AAA offers 10 key tips for motorists to help keep kids safe as they return to school.

  1. Slow Down. Two-thirds of motorists exceeded the posted speed limit during the 30-minute period before and after school, according to a recent national observational survey. Whether in a school zone or residential neighborhood, motorists should keep their speed low and be prepared to stop quickly for increased vehicle or pedestrian traffic.
  2. Obey Traffic Signs. Obeying traffic signs is something all motorists should do no matter where they drive. However, a national observational survey found that many motorists violated stop signs in school zones and residential neighborhoods. Forty-five percent did not come to a complete stop with 37 percent rolling through and seven percent not even slowing down.
  3. Stay Alert. Motorists should always avoid distractions while driving, but it’s particularly important in school zones and residential neighborhoods. Looking away from the roadway for just two seconds doubles the chance of being involved in a crash. Avoid talking on mobile phones, adjusting the radio or any other activities that might take attention away from the roadway. Never text while driving.
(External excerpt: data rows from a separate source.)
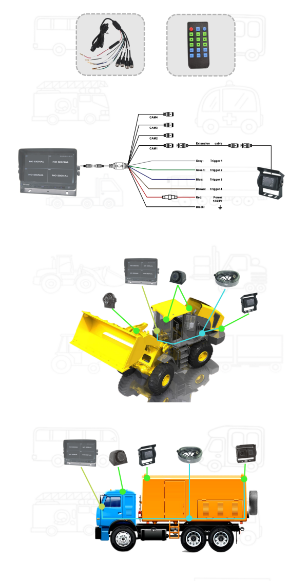 Caratteristiche :AV, fotografia, funzione di registrazione video (il file di registrazione memorizzato nella scheda SD, memoria massima di 128G, che supporta la registrazione continua per 24 ore):AV2/AV3/AV4 con filo di attivazione, una volta attivato il filo di attivazione, l’immagine passa automaticamente alla macchina fotografica corrispondente e scatta foto.
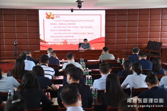 6月25日,南昌南管理中心党委组织开展学史明理党课活动。党委书记陈本华主持讲课,在家班子成员,机关全体人员在主会场,各基层干部、广大党员在分会场以视频形式听课。
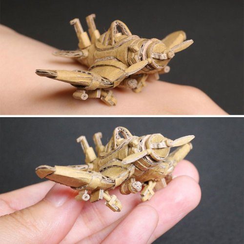 Монами Оно умеет создавать из картона самые невероятные скульптуры, от обычных часов и популярных закусок до более сложных: автомобилей, роботов и персонажей поп-культуры. Все они выполнены очень тщательно, во всех деталях, и невероятно реалистично.
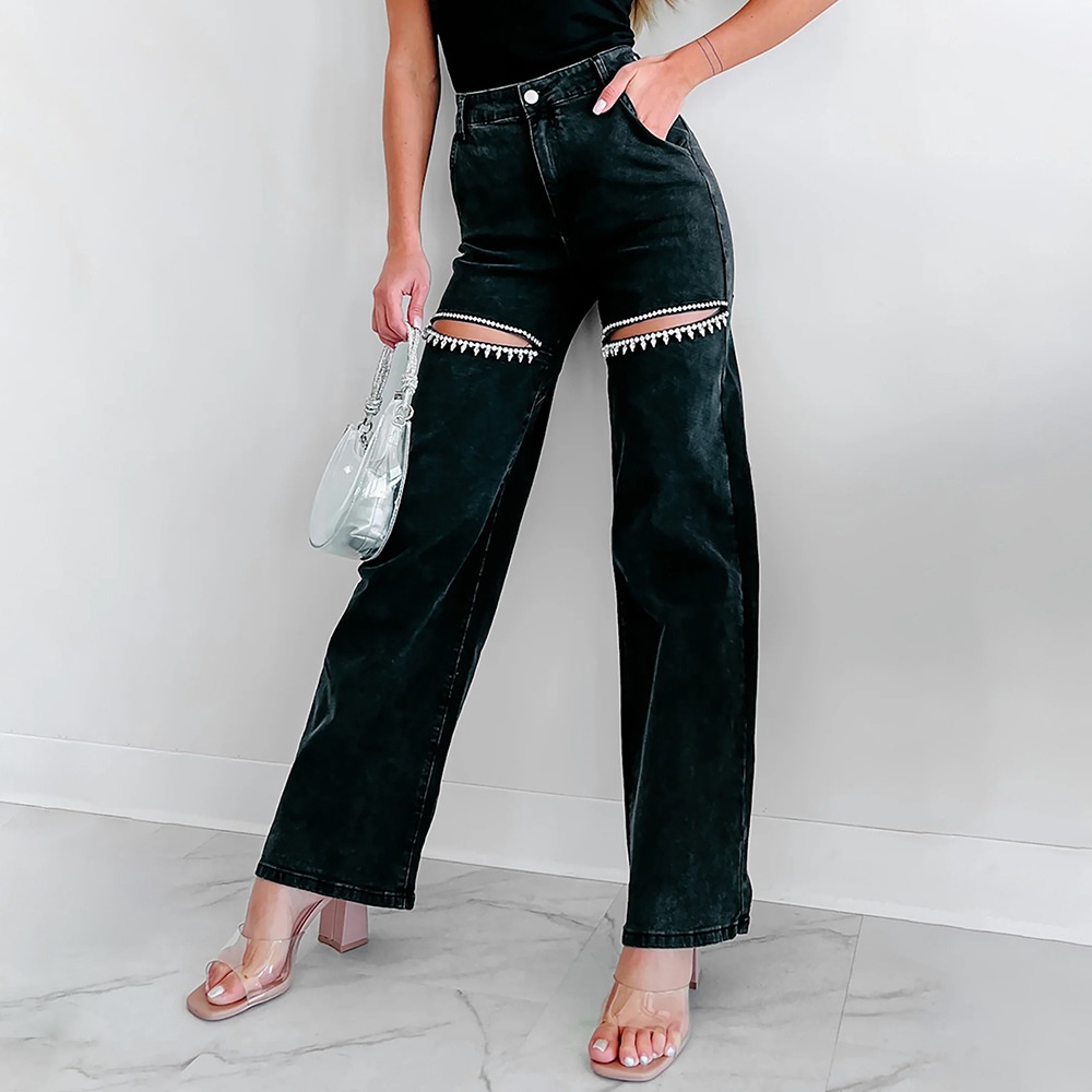 Autumn Europe And The United States Fashion Casual Nail Drill Hole Straight Tube Ladies Do Old Jeans

  4. Scan Between Parked Cars. Nearly 40 percent of child pedestrian fatalities occurred in between the hours of 4 p.m. and 8 p.m., mostly at nonintersection locations. Children can quickly dart out between parked cars or other objects along the roadway. Motorists should pay close attention not only at intersections, but along any residential roadways where children could be present.
  5. Look for Clues of Children Nearby. Keep an eye out for clues that children are likely nearby such as AAA School Safety Patrol members, crossing guards, bicycles and playgrounds.
  6. Always Stop for School Buses. For thousands of students, the school day begins and/or ends with a trip on a school bus. The greatest risk they face is not riding the bus, but approaching and leaving it. Flashing yellow lights on a school bus indicate it is preparing to stop to load or unload children. Motorists should slow down and prepare to stop. Red flashing lights and extended stop arms indicate the bus has stopped, and children are getting on and off. Motorists are required to stop their vehicles and wait until the red lights stop flashing, the extended stop sign is withdrawn and the bus begins moving before they can start driving again.
  7. Allow Extra Travel Time. Back to school often means increased congestion and longer commute times. Motorists should build-in some extra travel time when school is in session to avoid any temptation to speed or disobey traffic laws in an effort to ‘catch up’ after being delayed.
  8. Review Travel Routes. Motorists should consider modifying their travel routes to avoid school zones and residential neighborhoods. A slightly longer route might actually be quicker by avoiding congestion and much lower speed limits in and around school zones.
  9. Use Extra Caution in Bad Weather. Whether in rain, snow, fog or any other inclement weather, motorists should use extra caution. Reduced visibility can make it difficult for motorists to see children and children to see vehicles. It also can make it difficult to perform quick stops, if needed.
  10. Use Headlights. Turning on the vehicle’s daytime running lights or headlights – even during the day – allows children and other drivers to see them more easily. But, don’t forget to turn those lights off when you reach your destination got the life of your battery.